(DATA SHOWN):

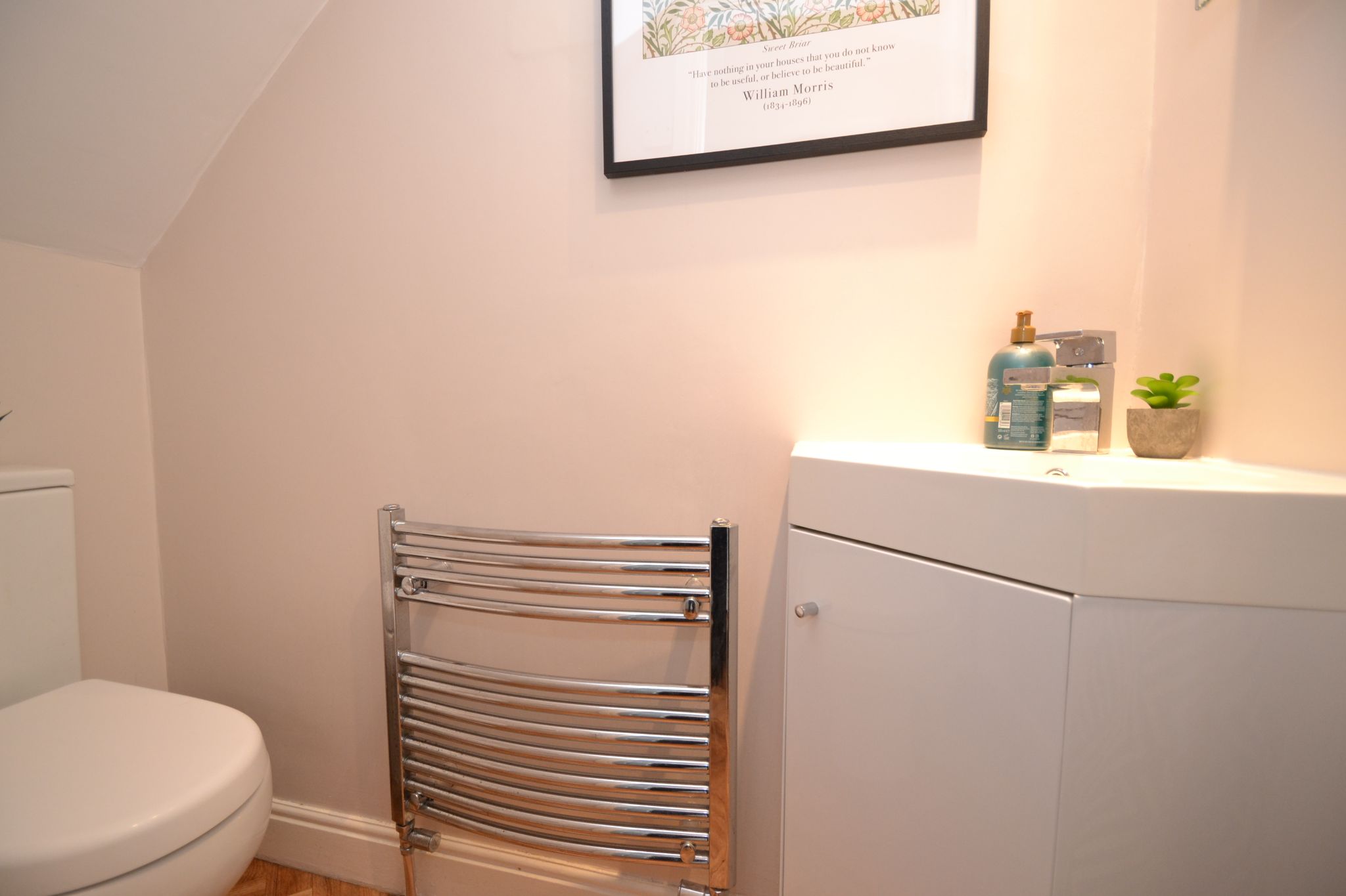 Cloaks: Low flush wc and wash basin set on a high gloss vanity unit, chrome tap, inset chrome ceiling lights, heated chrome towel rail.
--
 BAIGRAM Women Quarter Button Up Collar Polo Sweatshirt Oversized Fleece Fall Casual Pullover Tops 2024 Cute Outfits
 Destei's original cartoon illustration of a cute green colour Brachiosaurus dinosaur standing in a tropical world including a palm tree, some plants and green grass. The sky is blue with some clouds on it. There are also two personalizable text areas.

(WHAT YOU ARE ASKED TO DO): All lines above between those holding "BAIGRAM Women Quarter" and "Destei's original cartoon", inclusive, must be set down unchanged, and no other line may be included.

(EXERCISE SOLUTION):
 BAIGRAM Women Quarter Button Up Collar Polo Sweatshirt Oversized Fleece Fall Casual Pullover Tops 2024 Cute Outfits
 Destei's original cartoon illustration of a cute green colour Brachiosaurus dinosaur standing in a tropical world including a palm tree, some plants and green grass. The sky is blue with some clouds on it. There are also two personalizable text areas.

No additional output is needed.